*WHAT YOU SHOULD DO*: The whole listing should come back exactly as written, except for the pictures.

*RECORDS FOR THIS EXERCISE*:
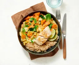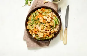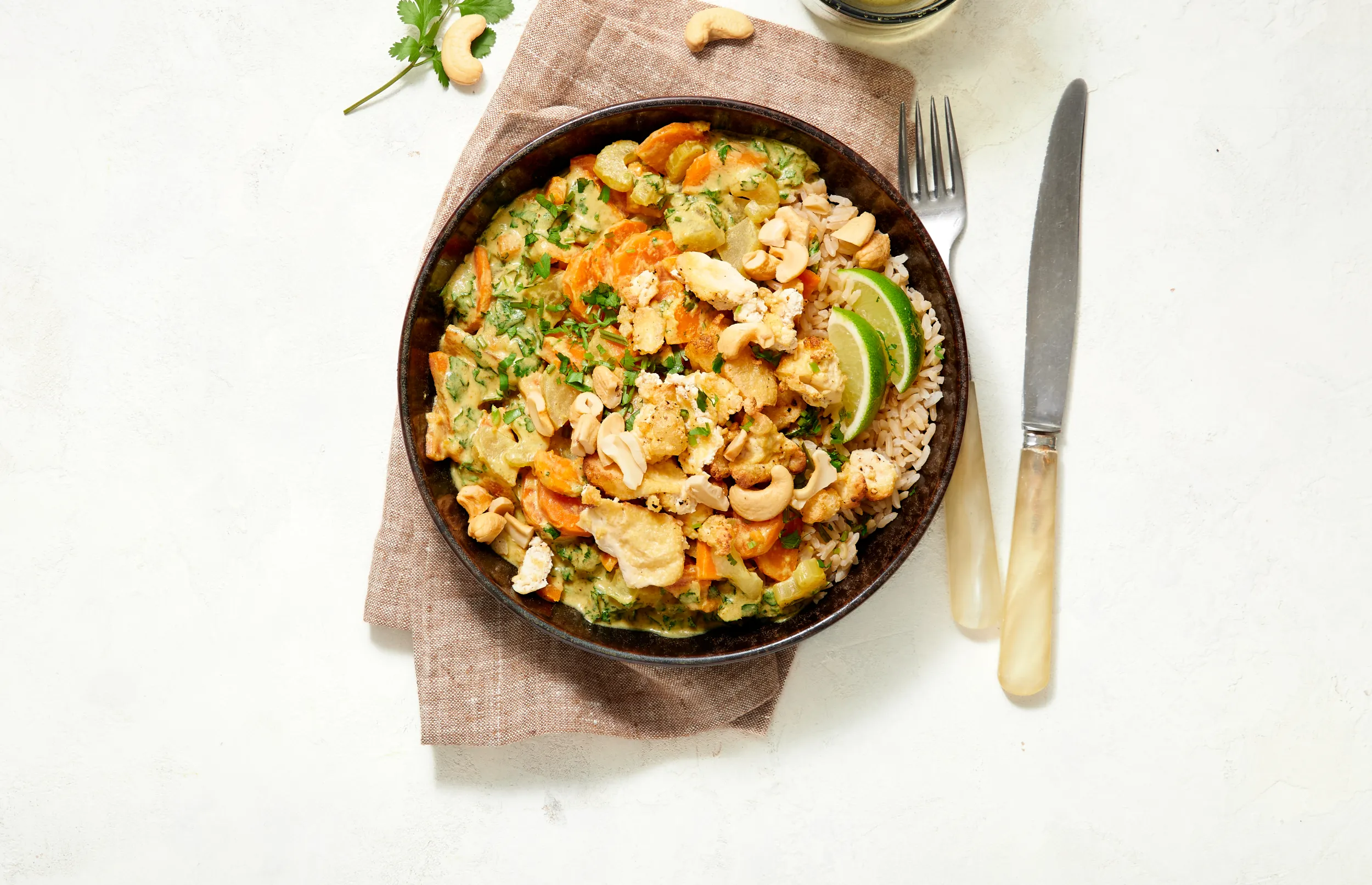 Serveer de curry met de rijst, gepofte tofu en cashewnoten en laat ieder er limoensap naar smaak over knijpen.
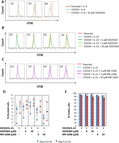 Figure 7: CD40 stimulation-induced proliferation in normal B cells does not require AKT. (A) CFSE labelled normal B cells were co-cultured with CD154-expressing fibroblasts in the presence of recombinant human IL-4 (10 ng/ml) over a period of six days with or without AZD5363 (10 μM). CFSE labelled normal B cells co-cultured with parental fibroblasts plus IL-4 were used as a negative control. At the indicated time points, co-cultured B cells were harvested and proliferation was measured as in Figure 3A. One set of representative CFSE histograms from the time-course experiments using three individual normal B cell samples is shown. (B) CFSE labelled normal B cells were co-cultured with CD154-expressing fibroblasts in the presence of recombinant human IL-21 (12.5 ng/ml) over a period of five days with or without AZD5363 at the indicated concentrations. At the indicated time points, co-cultured B cells were harvested and proliferation was measured as in (A). One set of representative CFSE histograms from three different normal B cell samples examined is shown. (C) CFSE labelled normal B cells were co-cultured with CD154-expressing fibroblasts in the presence of recombinant human IL-21 (12.5 ng/ml) over a period of five days with or without MK-2206 at the indicated concentrations. At the indicated time points, co-cultured B cells were harvested and proliferation was measured as in (A). One set of representative CFSE histograms from three different normal B cell samples examined is shown. (D) Pooled data analysis shows that neither AZD5363 nor MK-2206 at the indicated concentrations inhibited CD154 + IL-21-induced proliferation in normal B cells. (E) Pooled data analysis on the viability of the co-cultured normal B cells as described in (D) shows that neither AZD5363 nor MK-2206 at the indicated concentrations adversely affected the viability of the co-cultured normal B cells.
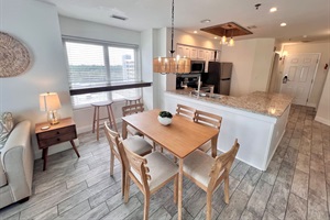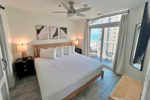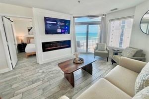 2 full size beds and a smart TV that swivels on the wall for best angle
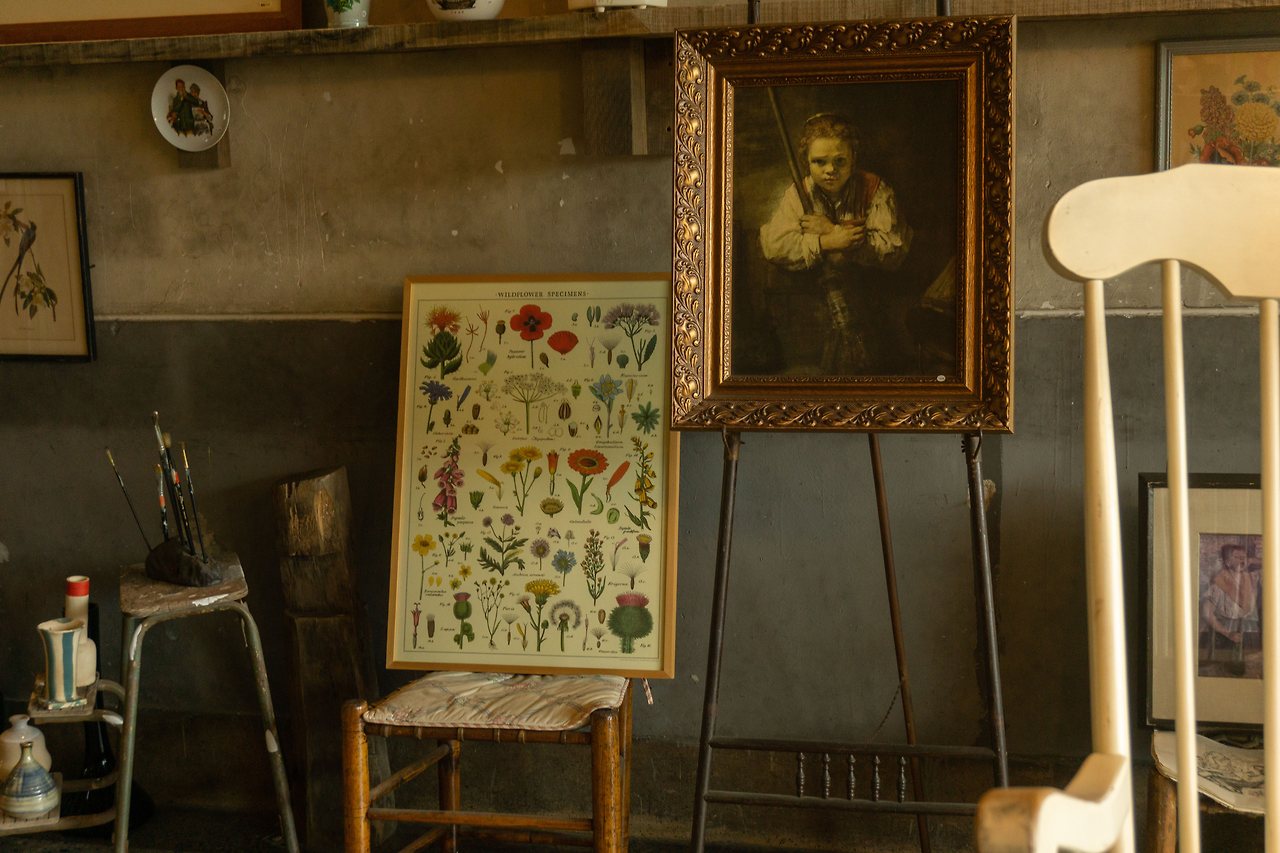 마지막 루트로 소개해 드릴 카페인 루이스의 사물들입니다. 유럽 빈티지 풍의 가구들과 그릇, 컵들은 순간이동과 시간여행을 해 과거 유럽 예술가의 작업실에 놀러 온 듯합니다.
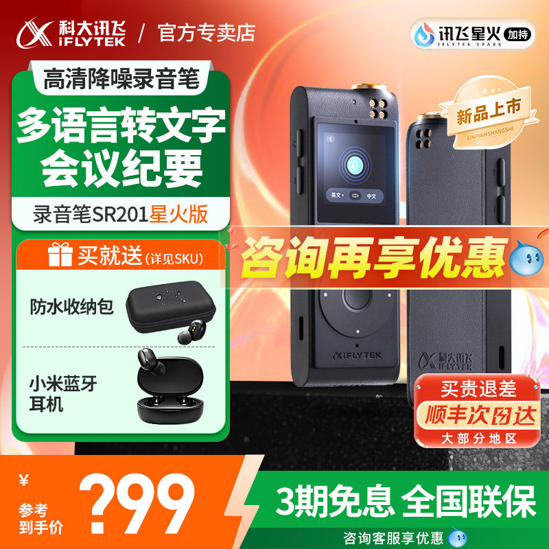 科大讯飞录音笔SR201T星火版语音转文字远程录音高清降噪孔墨华光
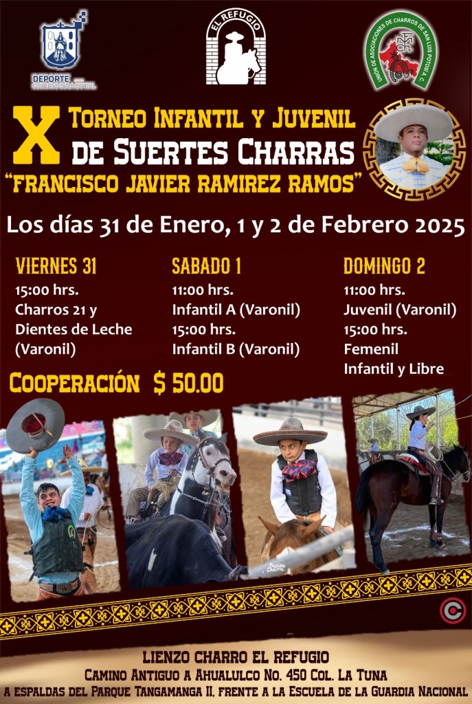 El Lienzo Rancho el Refugio de San Luis Potosí será la sede del X Torneo Infantil y Juvenil de Suertes Charras «Francisco Javier Ramírez Ramos», los días 31 de enero, 1 y 2 de febrero.
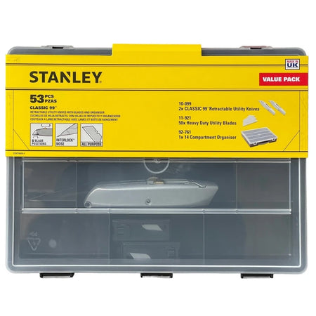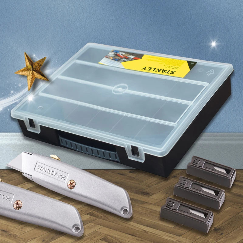 Supplied in a STANLEY® Organiser with 50 Spare Blades.
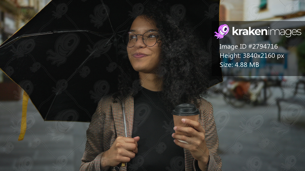 Woman smiling under umbrella holding coffee on rainy day in urban street displaying joy and confidence in vibrant outdoor setting.

*PROBLEM SOLUTION*:
 Serveer de curry met de rijst, gepofte tofu en cashewnoten en laat ieder er limoensap naar smaak over knijpen.
 Figure 7: CD40 stimulation-induced proliferation in normal B cells does not require AKT. (A) CFSE labelled normal B cells were co-cultured with CD154-expressing fibroblasts in the presence of recombinant human IL-4 (10 ng/ml) over a period of six days with or without AZD5363 (10 μM). CFSE labelled normal B cells co-cultured with parental fibroblasts plus IL-4 were used as a negative control. At the indicated time points, co-cultured B cells were harvested and proliferation was measured as in Figure 3A. One set of representative CFSE histograms from the time-course experiments using three individual normal B cell samples is shown. (B) CFSE labelled normal B cells were co-cultured with CD154-expressing fibroblasts in the presence of recombinant human IL-21 (12.5 ng/ml) over a period of five days with or without AZD5363 at the indicated concentrations. At the indicated time points, co-cultured B cells were harvested and proliferation was measured as in (A). One set of representative CFSE histograms from three different normal B cell samples examined is shown. (C) CFSE labelled normal B cells were co-cultured with CD154-expressing fibroblasts in the presence of recombinant human IL-21 (12.5 ng/ml) over a period of five days with or without MK-2206 at the indicated concentrations. At the indicated time points, co-cultured B cells were harvested and proliferation was measured as in (A). One set of representative CFSE histograms from three different normal B cell samples examined is shown. (D) Pooled data analysis shows that neither AZD5363 nor MK-2206 at the indicated concentrations inhibited CD154 + IL-21-induced proliferation in normal B cells. (E) Pooled data analysis on the viability of the co-cultured normal B cells as described in (D) shows that neither AZD5363 nor MK-2206 at the indicated concentrations adversely affected the viability of the co-cultured normal B cells.
 2 full size beds and a smart TV that swivels on the wall for best angle
 마지막 루트로 소개해 드릴 카페인 루이스의 사물들입니다. 유럽 빈티지 풍의 가구들과 그릇, 컵들은 순간이동과 시간여행을 해 과거 유럽 예술가의 작업실에 놀러 온 듯합니다.
 科大讯飞录音笔SR201T星火版语音转文字远程录音高清降噪孔墨华光
 El Lienzo Rancho el Refugio de San Luis Potosí será la sede del X Torneo Infantil y Juvenil de Suertes Charras «Francisco Javier Ramírez Ramos», los días 31 de enero, 1 y 2 de febrero.
 Supplied in a STANLEY® Organiser with 50 Spare Blades.
 Woman smiling under umbrella holding coffee on rainy day in urban street displaying joy and confidence in vibrant outdoor setting.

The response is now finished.